Past perfect and Past perfect continuous
past perfect and past perfect continuous difference


1/ Sentence Practice

Second Thoughts

This means that you will be going back to university for two years. I don’t think my income will be adequate to support us both.

I am going to have to mull over this decision for a while before I decide what to do.

Do not worry, I am hardly going to burden you with all that responsibility.

You are usually quicker on the uptake. You know that I have been working on that website and yet you have not yet put two and two together.

What do mean exactly? In my mind, I am still trying to piece together exactly what happened to that website.

It took me a long time to take in the fact of how much going back to university would cost. So I designed a website that would bring me revenue whilst I studied.

Tell me how you hit on such a great idea for making money.
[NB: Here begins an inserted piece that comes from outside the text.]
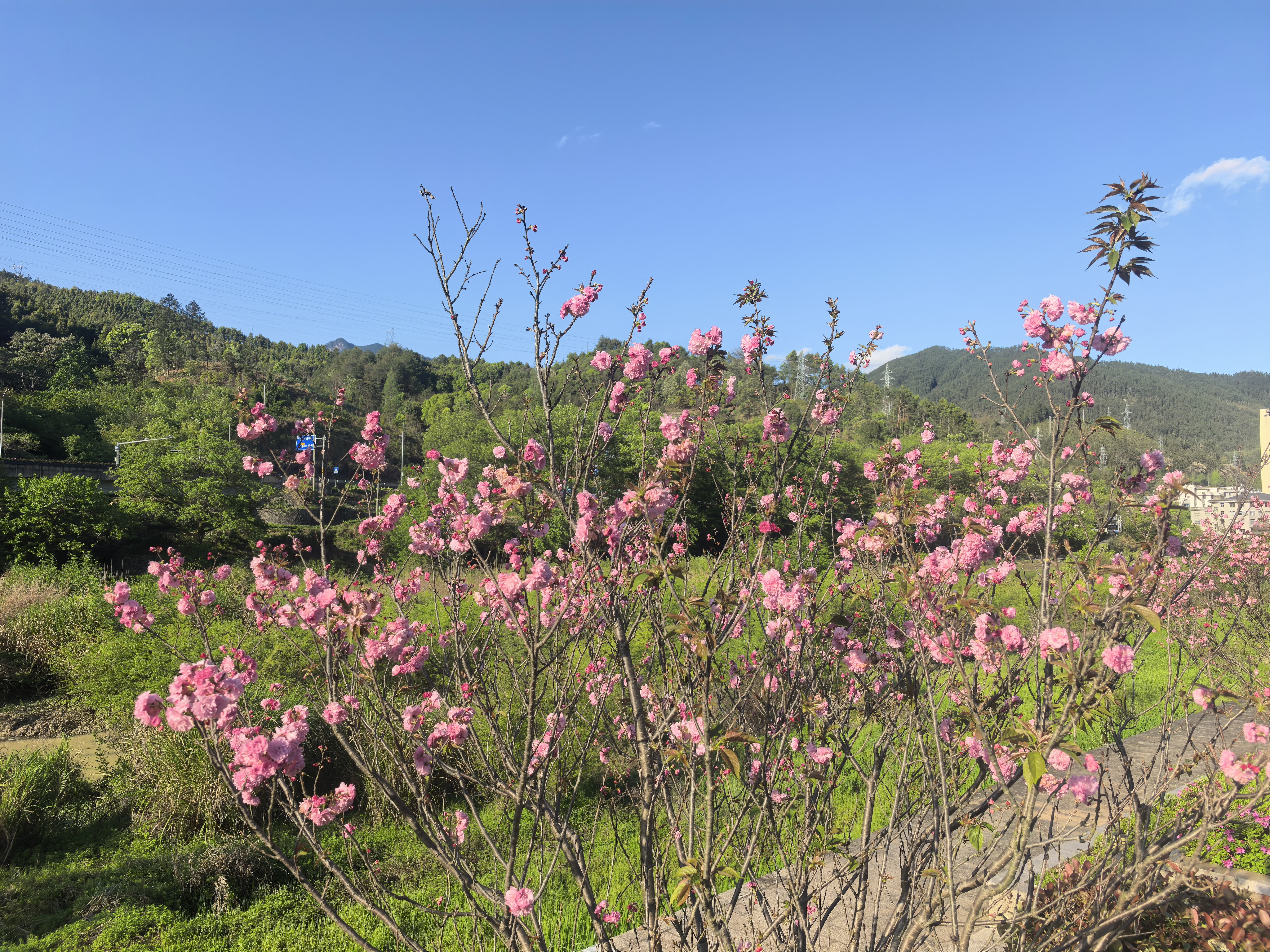 樱花粉粉的,山丘绿绿的,蓝天蓝蓝的~今天在江滨绿道乱拍,连电线杆都自带柔焦!

It must of taken you ages to figure out how to have a passive income.

And there was I thinking that you had not thought this through properly?

I’ve just thought up a brilliant scheme, your good at French. So, if you translate the site into French, we will double our money.

Are you round the bend? When am I going to find the time?

Sorry, but in between, Pilates, Yoga, Nights out with the girls I’m sure you can squeeze in a little work.

I’m afraid, you haven’t a leg to stand on.

No splitting hairs, go and get dressed up to the nines and we will hit the town.

Don’t let this website go to your head we have to be careful with the money.

I would prefer to stay in, I bought lots of food.

I’m sure we will land on our feet as usual but we should keep our wits about us.

Peter, had you had the idea of going back to study long before you left your job?

The truth is that when I met you, the idea had already occurred to me.

By the time we started dating, I had applied to several universities but one thing led to another and nothing ever came of it.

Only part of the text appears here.